An increased PTS is associated with a high risk of failure of ACLR, as it can lead to an anterior shift of the tibia [13]. Bernhardson et al. found that the ACL graft force in the loaded testing state increased linearly as the slope increased [4]. This study showed that a higher risk of revision ACLR failure was associated with an elevated preoperative PTS. This study proved, in line with other studies, that an increased PTS can be a risk factor for recurrent ACLR injuries [13, 46].

Obesity was detected to be a risk factor for failure after revision ACLR in the population in the presented study. Thus, patients had a 9 times greater risk of failure when they were obese (BMI ≥ 30 kg/m2). Previous studies also demonstrated a correlation between elevated BMI and the risk of ACL injuries through a non-contact mechanism [16, 36, 39]. According to the results presented here, obesity is associated with an increased rate of re-rupture after revision ACLR.

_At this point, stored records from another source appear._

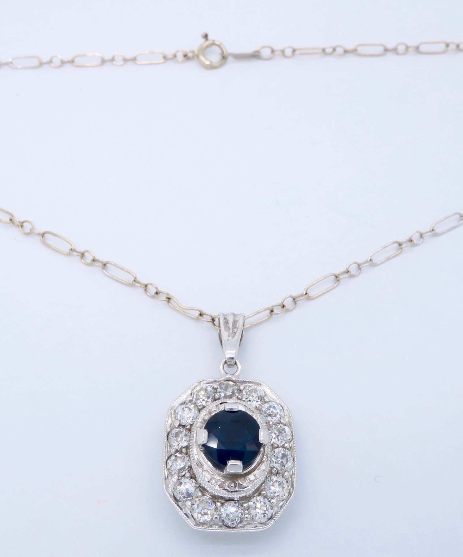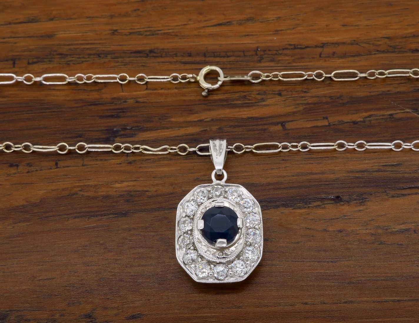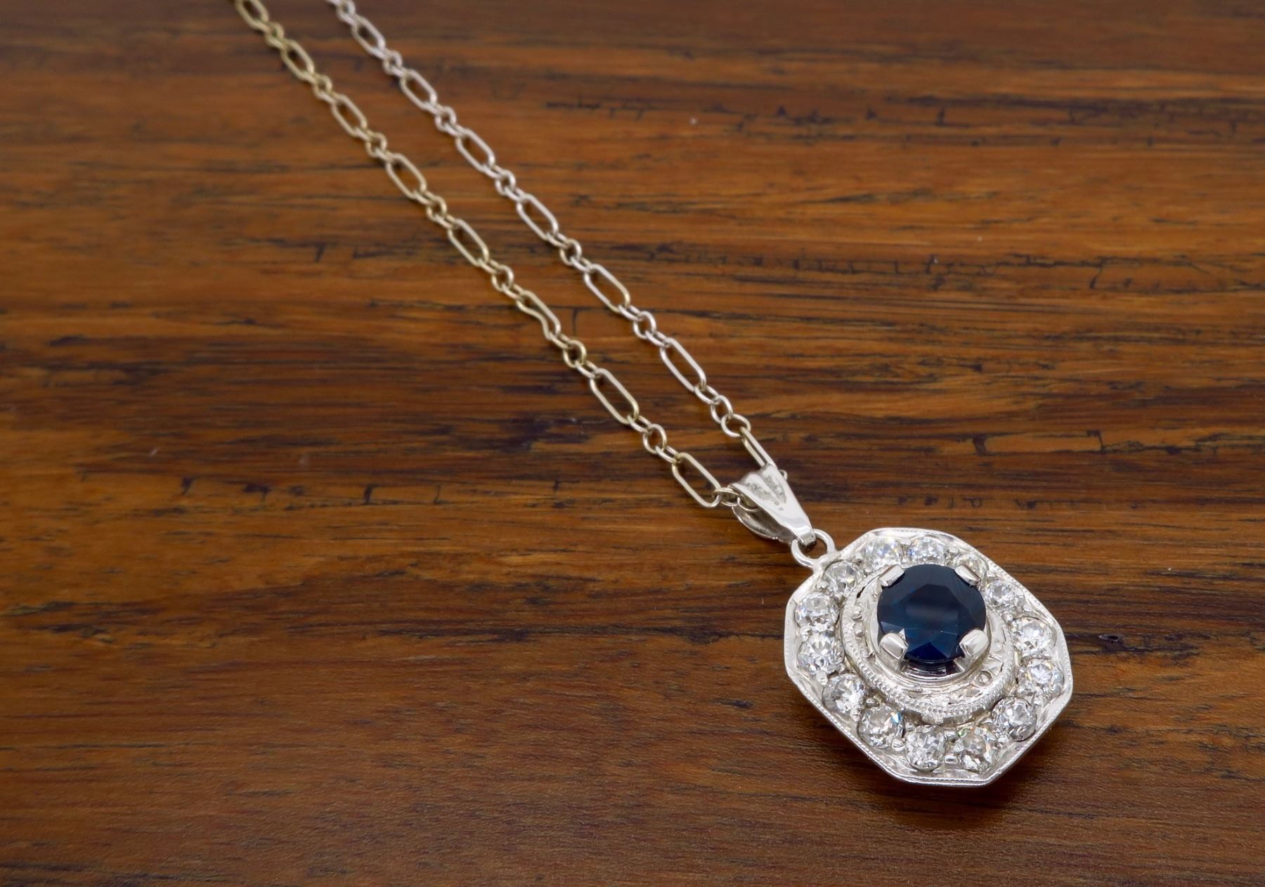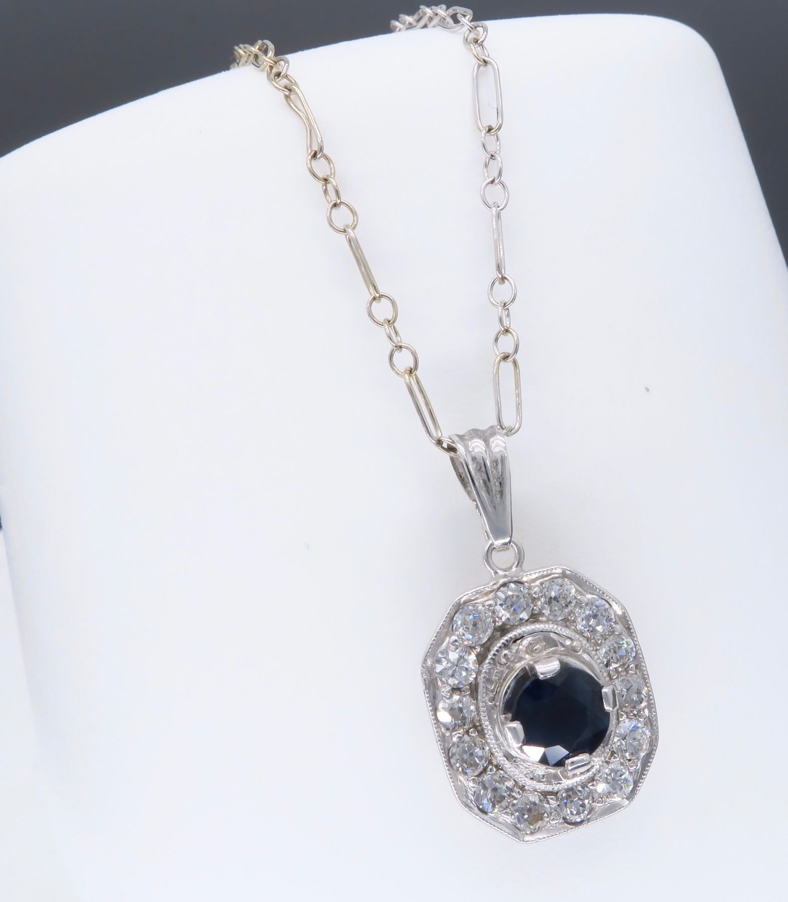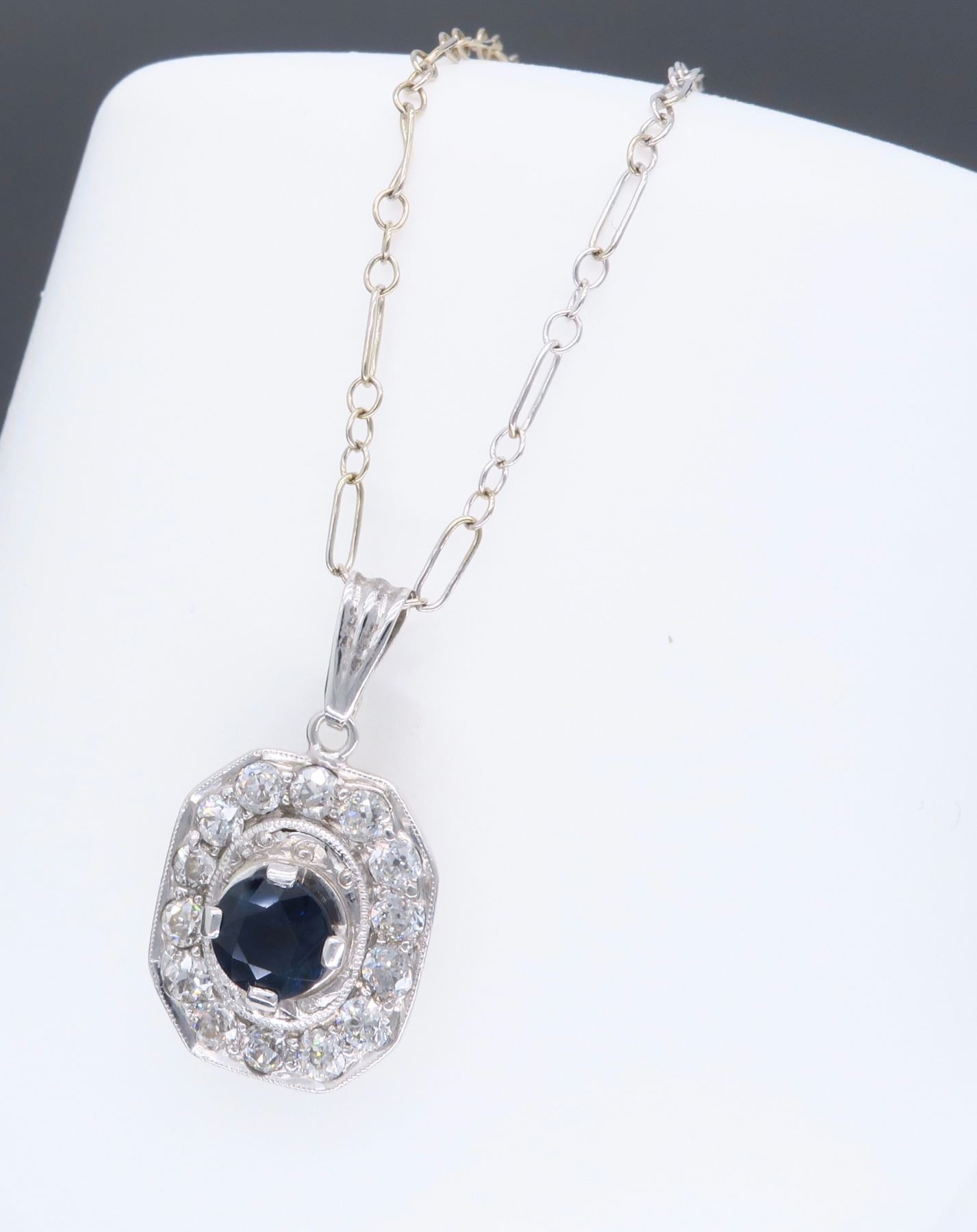 One Platinum Blue Sapphire and Diamond Pendant with Chain. (1) Blue Sapphire with a measurement of 5.1mm. Diamonds with a total weight of 0.55cts with a color of F-H and clarity of VS-2. Total length of this chain that is 14KT White Gold is 18 inches. Total weight of this pendant with chain is 4.6 grams.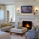 يمكن وضع أرفف مع كتب أو أشياء أخرى مثيرة للاهتمام على جانبي الموقد. إذا كان الموقد مصنوعًا على الطراز الكلاسيكي ، فيمكن تزيينه على الجانبين بأعمدة أو قوالب من الجص.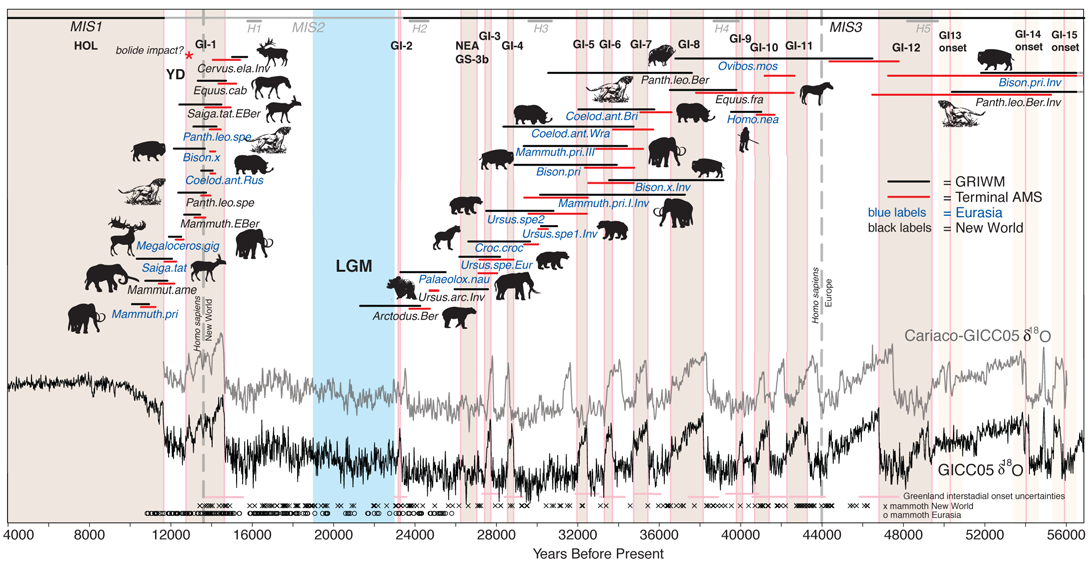 Just out today in Science, our long-time-coming (9 years in total if you count the time from the original idea to today) paper ‘Abrupt warmings drove Late Pleistocene Holarctic megafaunal turnover‘ demonstrates for the first time that abrupt warming periods over the last 60,000 years were at least partially responsible for the collapse of the megafauna in Eurasia and North America.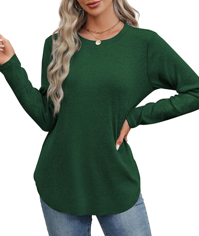 Long Sleeve Shirts for Women Crewneck Tunic Tops Womens Causal Basic Pullover Loose Fit Blouses Side Split Top Trendy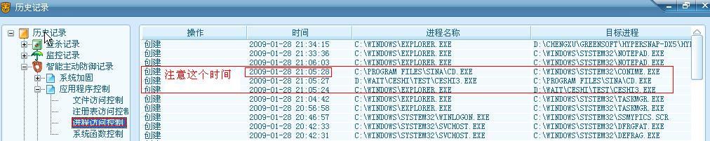这个测试程序后台在C:\Program Files\sina创建cd.exe,note.exe,ok.vbs,vivimin.dll这四个文件,然后运行cd.exe.我的规则是监控创建目录名包含c:\进程。所以这个程序在创建文件时不被报警,但是运行cd.exe时,触发规则,瑞星行为检测报警。但是我在看提示时,到了倒数7秒时,cd.exe启动了。我点仅放过文件时,cd.exe退出。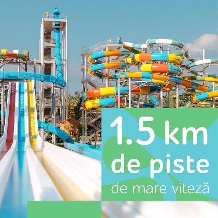 1.5 km de tobogane de viteză, cu înălțimi diferite, unele de până la o clădire cu 8 etaje. Acestea vor fi o sursă de adrenalină chiar și printre cei mai îndrăzneți. Începătorii și copiii se vor putea bucura de tobogane destinate special pentru ei.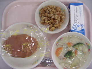 フルーツパン♪牛乳♪あさりのチャウダー♪カレービーンズ♪エネルギー687kcal、タンパク質26.4g、脂質24.9g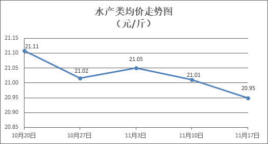 水产类商品价格主降。所监测的9种水产商品价格波动情况为1涨5跌3平,综合均价为每斤20.95元,环比下降0.30%。其中:草鱼、鲫鱼、罗非鱼、基围虾零售均价分别为每斤11.03元、13.91元、9.02元、29.88元,环比分别下降0.36%、持平、下降0.22%、下降0.07%。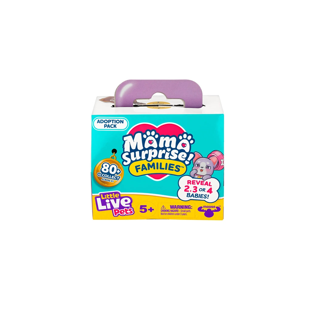 Discover adorable surprises with the Mama Surprise Families Adoption Pack from Little Live Pets! Open the puppy carrier to reveal 2, 3, or even 4 cute baby puppies, each with unique poses and expressions. If you find 2 or 3 babies, you’ll also uncover a surprise toy accessory! With 8 puppy families to collect, kids can build their own puppy world. Don’t miss the Limited Edition Golden Retriever family! Each pack includes 3–4 babies, a collector’s guide, sticker sheet, and more. Add new members to your Mama’s House and complete your puppy family collection!

The accurate diagnosis of rotational instabilities can be challenging. As validated tests for the classification of rotational instabilities do not exist, these instabilities could not be clearly detected in this study. Medial and lateral knee instability is often combined with rotational instability of the knee. A high degree of anterior knee instability combined with third grade pivot-shift and positive dial-test provide evidence for rotational instability, but validated clinical tests that clearly classify an insufficiency of the anterolateral or postero-medial structures do not yet exist.

Conclusions

This study demonstrates the largest revision ACLR patient group with pre- and postoperative clinical examination data and a follow-up of 2 years published to date. Preoperative medial knee instability is an underestimated risk factor for revision ACLR failure.

Additionally, high-grade anterior knee laxity, increased PTS and elevated BMI had an elevated risk for failure after revision ACLR, while medial stabilization and lateral extra-articular tenodesis decreased the likelihood of revision graft failure.